Discussion - If druid has recommended segment size then why the concept segment granularity

Why does the concept of segment granularity exist when druid has recommended segment size? Handoffs? Segment swapping?

please refer to this white paper it has the answer to this question


I read the druid pdf till section 5 query API (inclusive) but not able to understand the reason. Can you please point me to the section that I should go through again?

it is explained over all the paper. segment granularity is used to logically and physically partition the data, hence you can replace a segment by another from the same interval, or a new segment with higher segment interval will overshadow multiple small interval over the same period of time.

The bottom line, the segment granularity is used to partition the data and define logical view. The recommend size is to optimize that partitioning the data, and one does not exclude the other.

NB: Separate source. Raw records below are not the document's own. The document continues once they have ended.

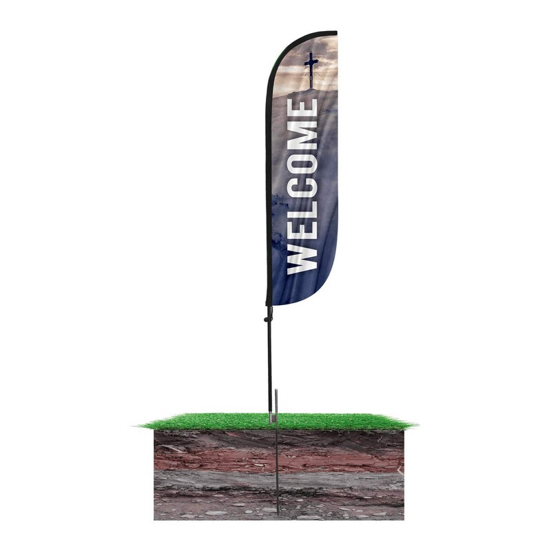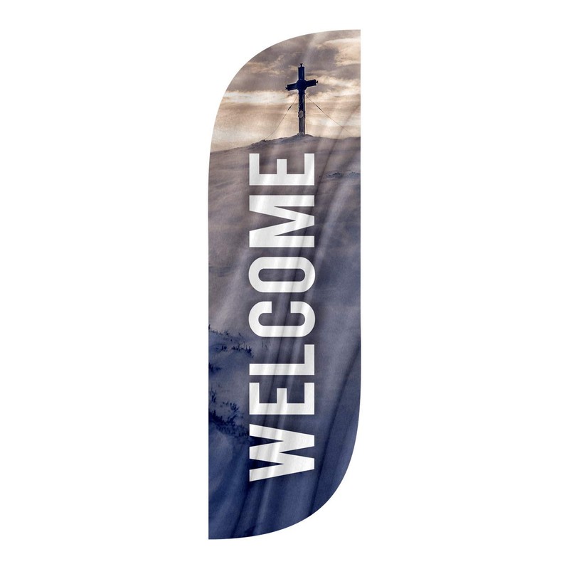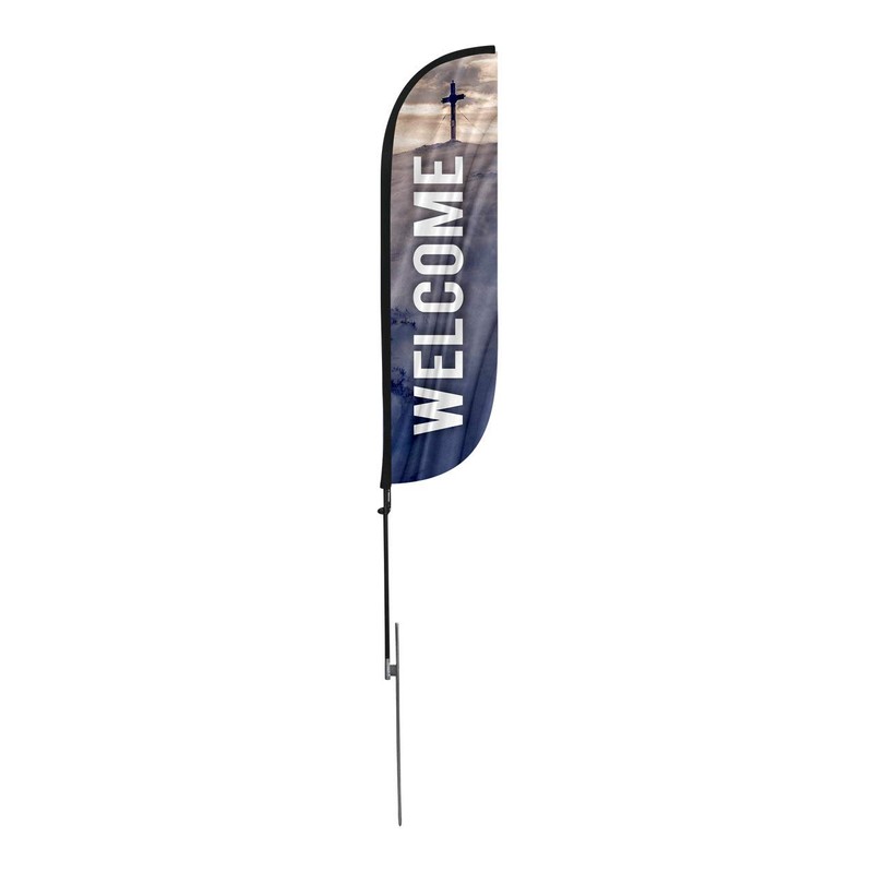 Welcome congregants and church goers to your services or masses with the "WELCOME" Christian themed 5ft feather flag. When assembled onto a LookOurWay small pole set (required for use), this banner will stand at 7ft tall. This design has a beautifully crafted image of a cross aatop a snowy mountain peak against a morning sky. The word "WELCOME" is printed down the main body of the flag in white with bold shading to make it stand out and be clearly visible. This set comes with the flag, pole sets, and ground spike; everything needed for operation.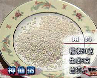 主持人:首先来看一道神仙粥的做法:原料:糯米50克、生姜5克、连须葱7段。把糯米和生姜放入锅内煮20分钟,再放入葱白,煮熟以后加一些米醋,搅拌均匀后就可以吃了。 周文泉:喝神仙粥时一定要喝温热的,不要太凉了。喝到微微汗出的状态是最好的。神仙粥如果能够坚持每天吃一次,若干次后就会具有预防感冒的作用。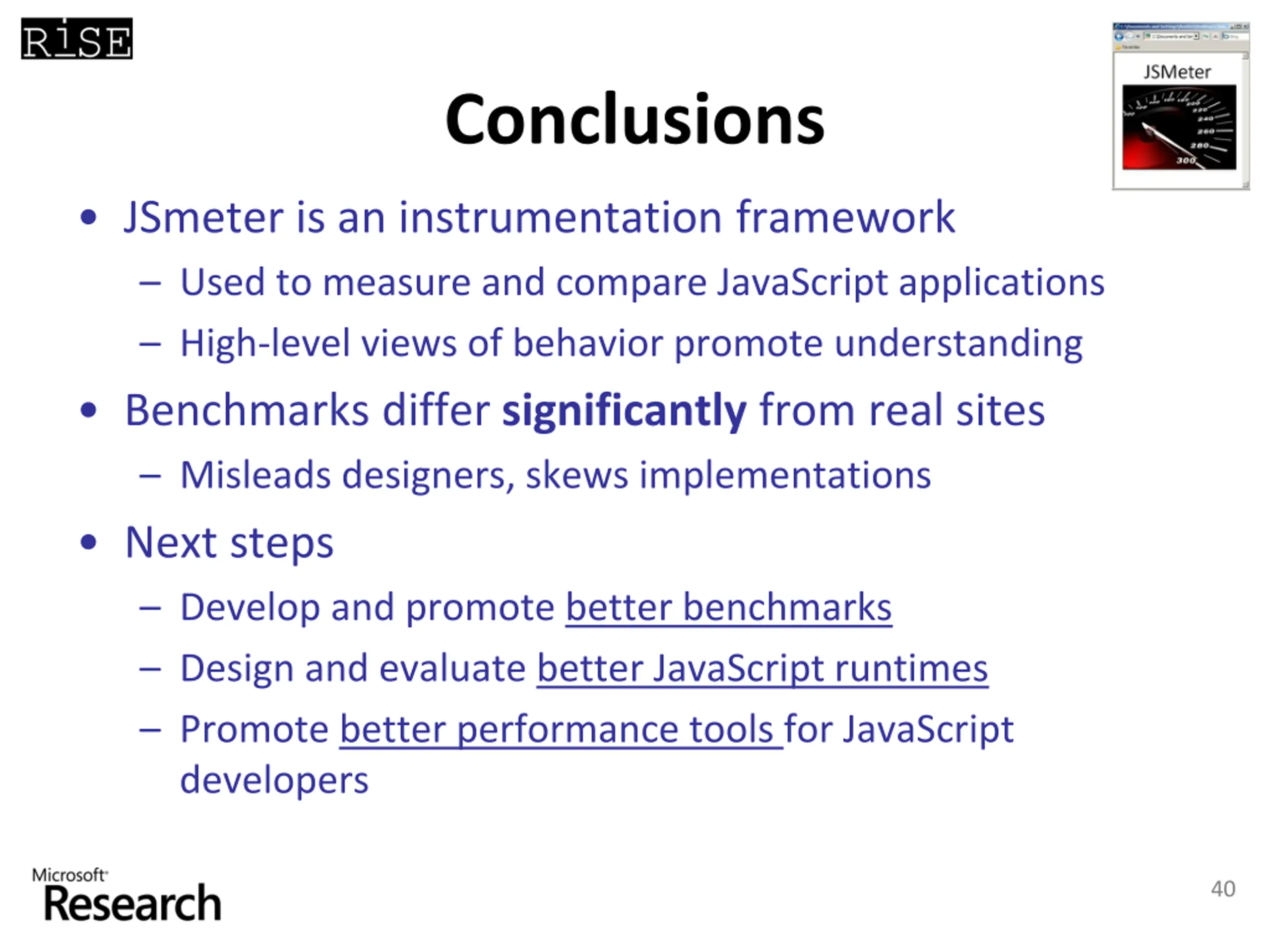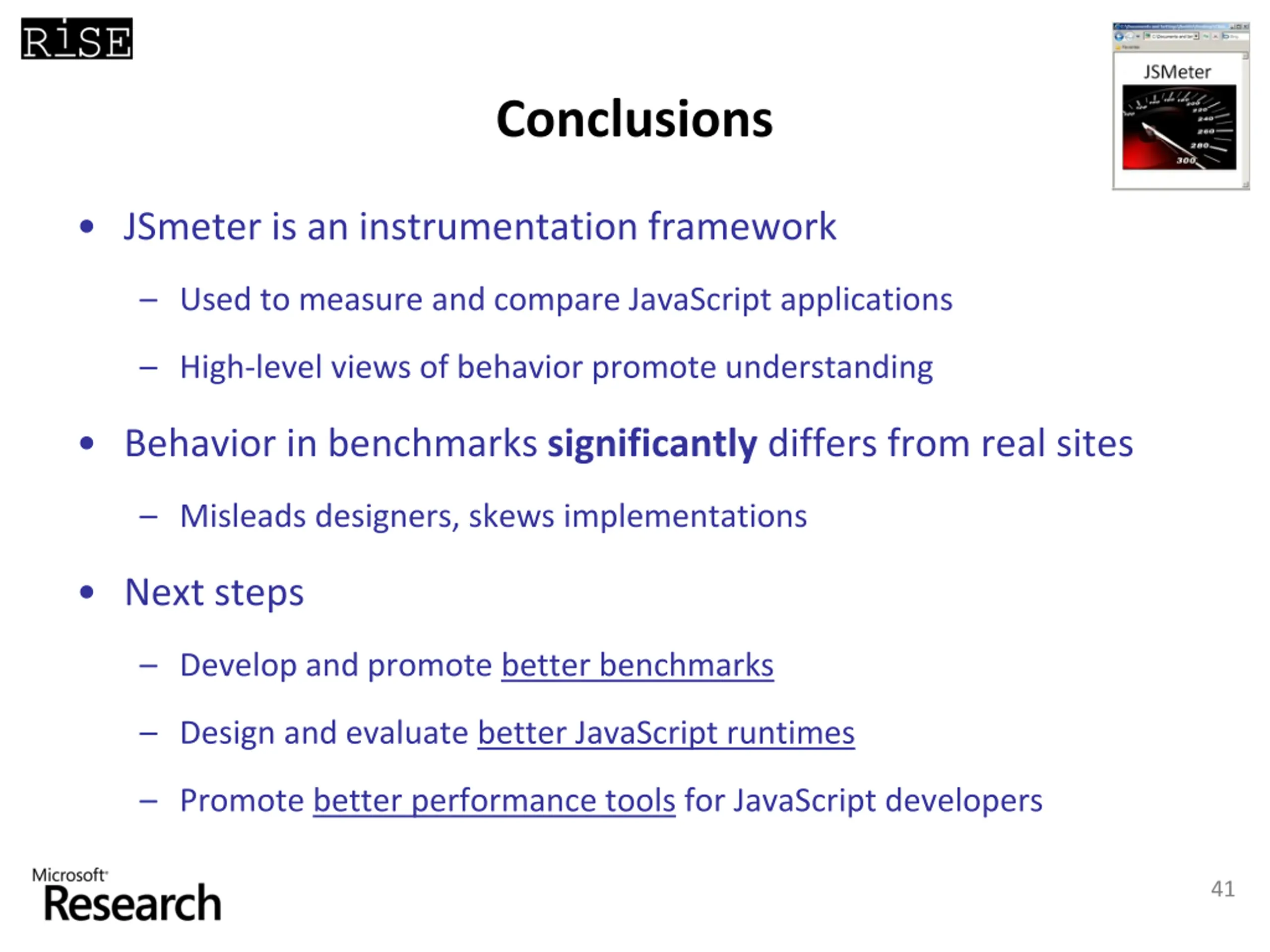 Conclusions JSmeter is an instrumentation framework Used to measure and compare JavaScript applications High-level views of behavior promote understanding Benchmarks differ significantly from real sites Misleads designers, skews implementations Next steps Develop and promote better benchmarks Design and evaluate better JavaScript runtimes Promote better performance tools for JavaScript developers 40

Let me re phrase the question.

Having segments is for sharding/partitioning based on timeseries. But if druid works best with 300 MB to 700 MB segment size then why can the realtime node not just keep on using the same segment till that range is reached. Realtime node does the partitioning based on time why not the size? It will still be partitioned and the timestamp can still be there for the overshadowing and replacement.

You can not build a logical timeline based on the strategy you are describing, in addition replication will be meaning less.

For instance suppose you have 2 realtime node working as one replica of the other.

now due to the distributed nature of thing, both nodes will not receive the message in the same order.

Hence if you just do partition based on size you will produce two different segments with approximately the same size while the goal was to have two replicas !!!

The same thing apply to timeline imaging you partition by size now when i issue a query with interval t1 to t2 how you will know which segments to query ?

Not sure what is the end goal of this discussion ?

Was just trying to understand why this was so as I could not understand why such a decision was taken. Thanks for all the explanations. It helps.

Great glad i was able to explain it :D. Please let me know if you have more questions.